**Task instructions**
Range to copy from the entries below: the line containing "X(旧Twitter)にて「" through the line containing "リボンモチーフのリングの中で", inclusive. Retype only those lines, exactly, without any images.

── Exercise data

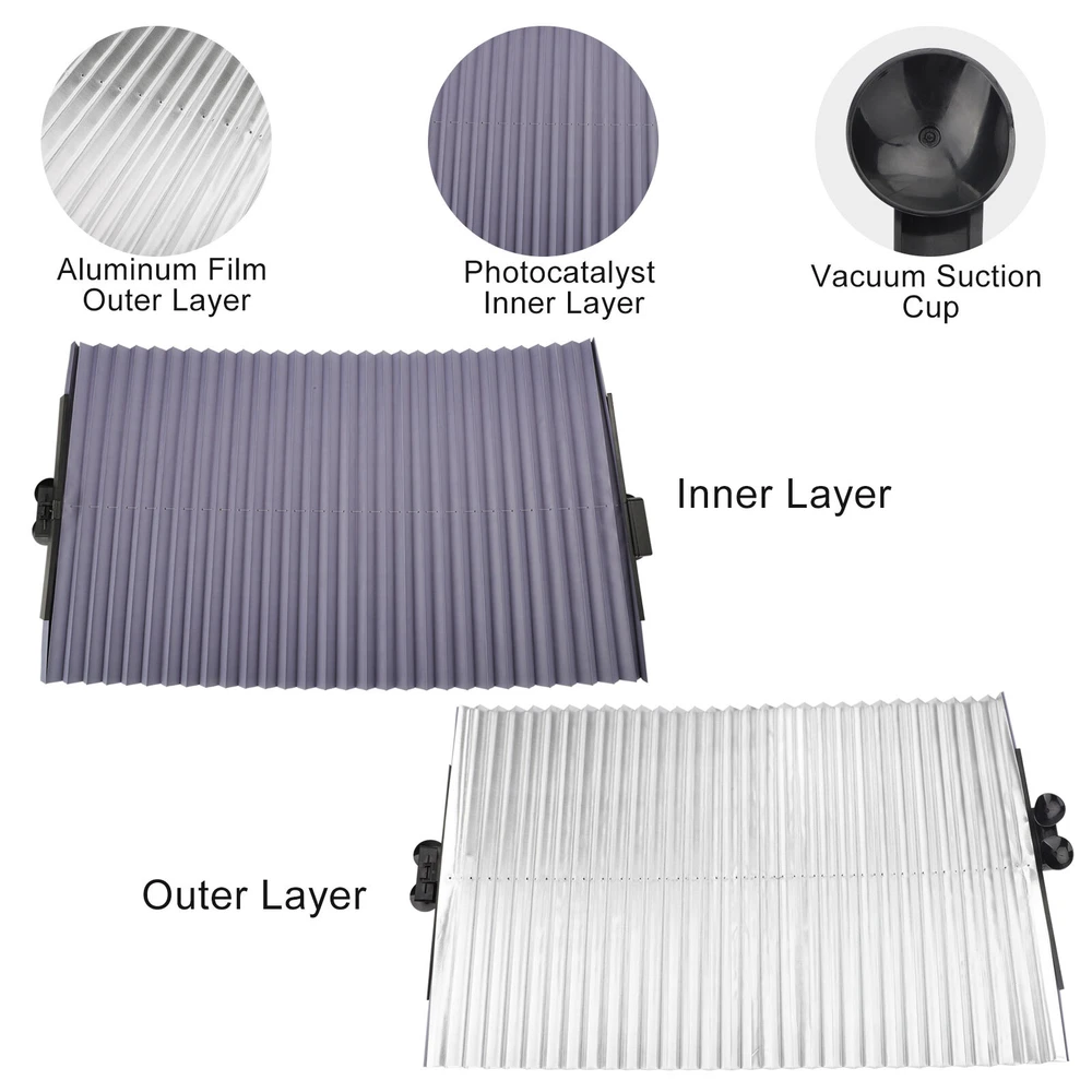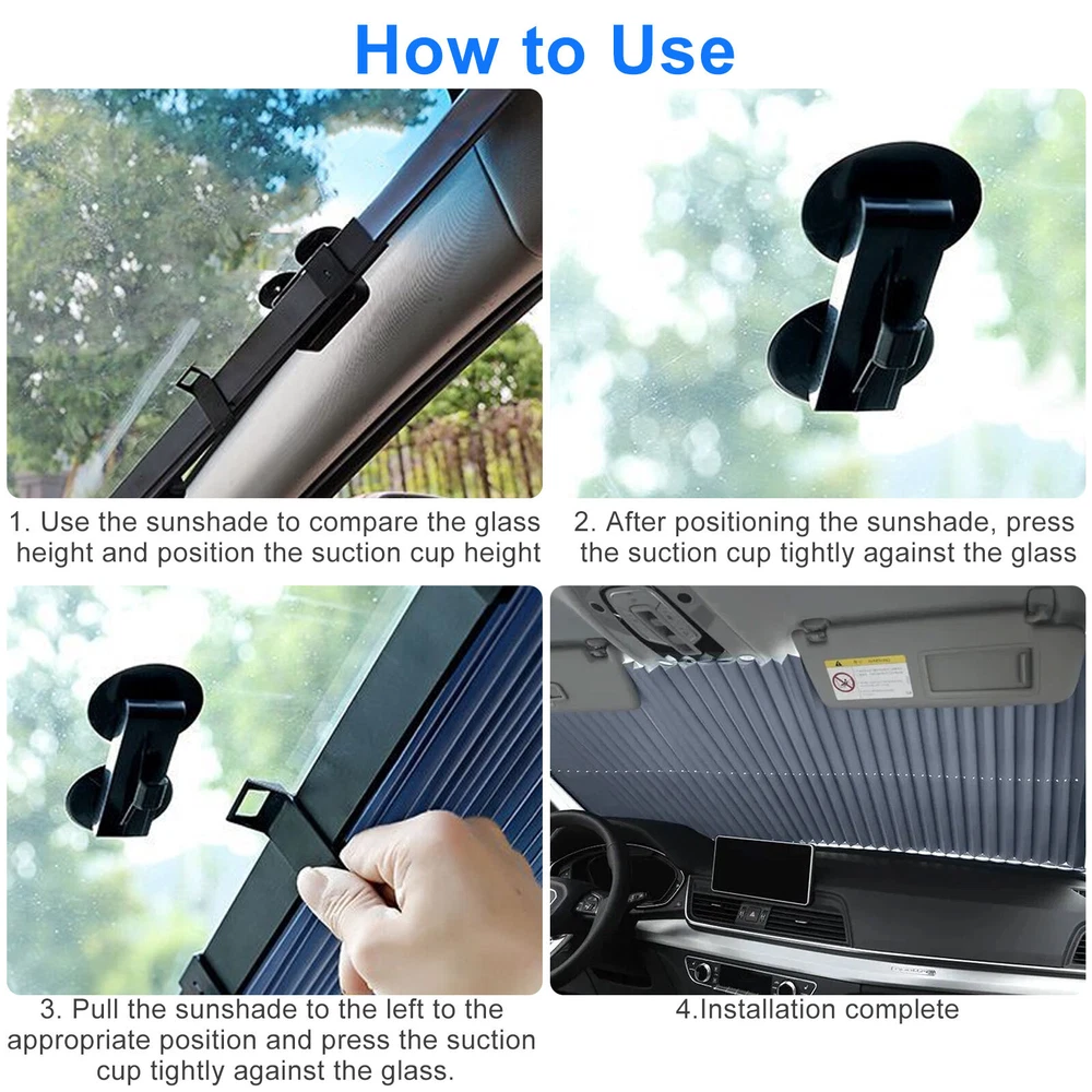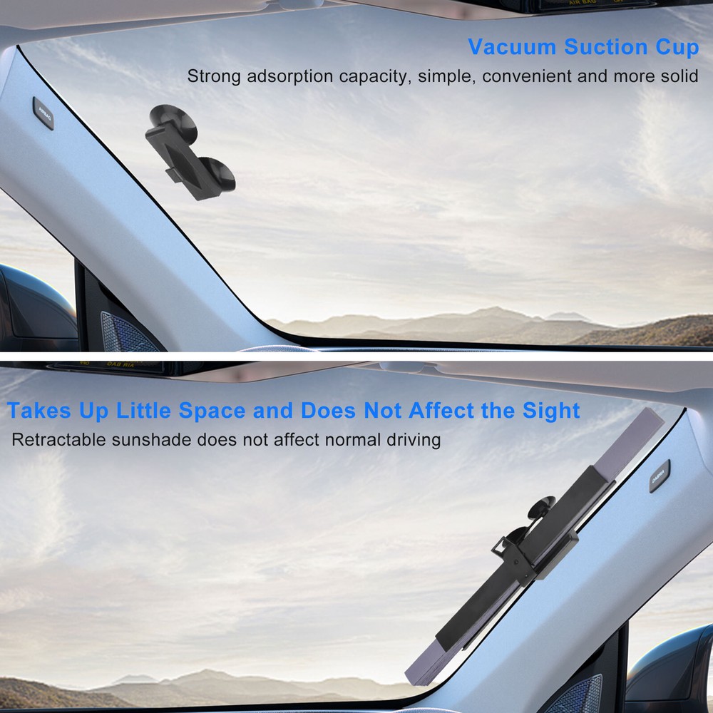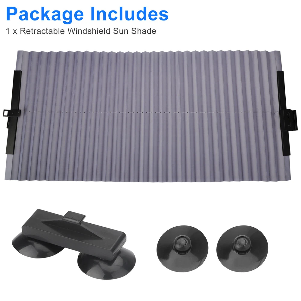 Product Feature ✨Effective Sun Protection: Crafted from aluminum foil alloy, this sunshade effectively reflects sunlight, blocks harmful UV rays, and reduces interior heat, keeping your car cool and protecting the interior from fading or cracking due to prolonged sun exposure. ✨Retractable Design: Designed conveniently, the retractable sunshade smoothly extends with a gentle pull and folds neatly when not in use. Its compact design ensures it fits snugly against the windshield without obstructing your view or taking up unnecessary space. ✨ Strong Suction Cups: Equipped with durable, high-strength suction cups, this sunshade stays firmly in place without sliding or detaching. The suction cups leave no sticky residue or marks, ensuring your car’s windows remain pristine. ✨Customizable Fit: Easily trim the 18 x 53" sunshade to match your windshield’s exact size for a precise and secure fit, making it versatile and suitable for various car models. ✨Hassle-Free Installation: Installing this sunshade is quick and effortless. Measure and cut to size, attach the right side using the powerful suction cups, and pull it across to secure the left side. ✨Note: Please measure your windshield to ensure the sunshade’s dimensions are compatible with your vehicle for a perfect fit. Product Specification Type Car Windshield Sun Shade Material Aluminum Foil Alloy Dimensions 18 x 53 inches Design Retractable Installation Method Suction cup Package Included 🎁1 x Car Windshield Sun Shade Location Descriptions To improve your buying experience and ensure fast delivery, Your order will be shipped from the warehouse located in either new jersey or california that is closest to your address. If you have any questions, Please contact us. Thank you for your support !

────
── Exercise data

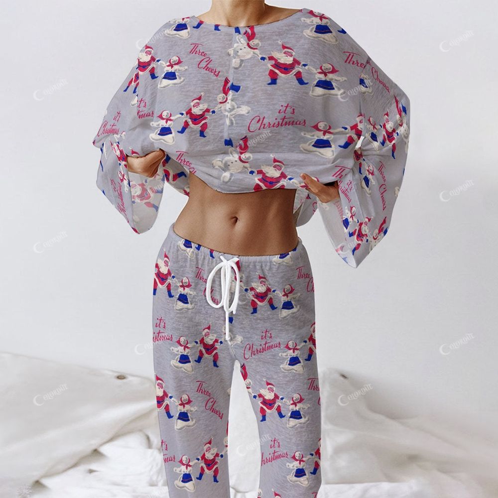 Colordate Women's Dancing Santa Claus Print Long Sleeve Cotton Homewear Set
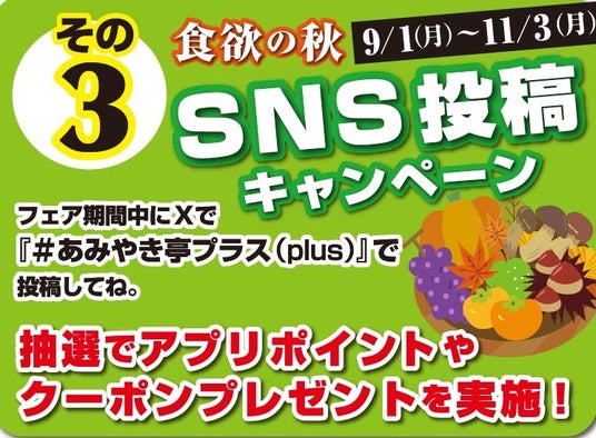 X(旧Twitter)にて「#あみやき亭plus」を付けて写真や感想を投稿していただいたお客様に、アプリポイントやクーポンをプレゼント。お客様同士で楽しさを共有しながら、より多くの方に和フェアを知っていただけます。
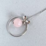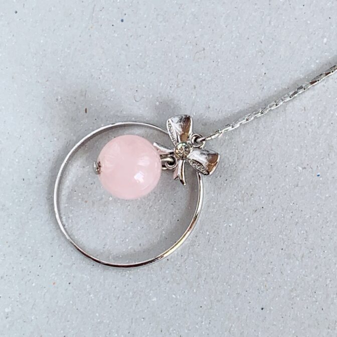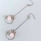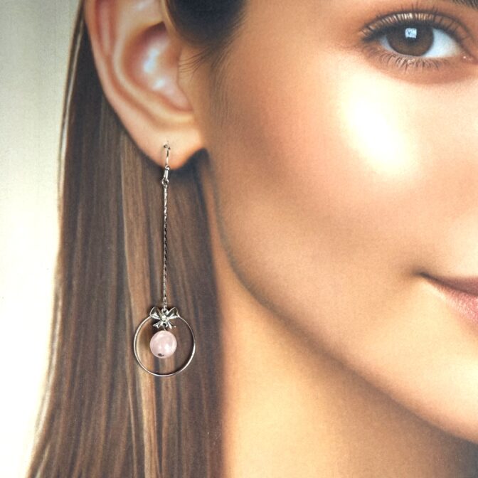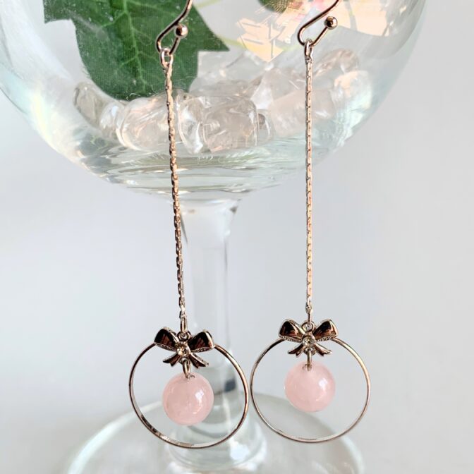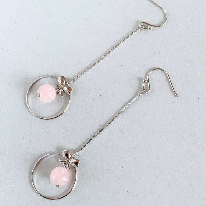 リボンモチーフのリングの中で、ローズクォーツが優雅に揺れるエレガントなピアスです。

────

**Written reply**
 X(旧Twitter)にて「#あみやき亭plus」を付けて写真や感想を投稿していただいたお客様に、アプリポイントやクーポンをプレゼント。お客様同士で楽しさを共有しながら、より多くの方に和フェアを知っていただけます。
 リボンモチーフのリングの中で、ローズクォーツが優雅に揺れるエレガントなピアスです。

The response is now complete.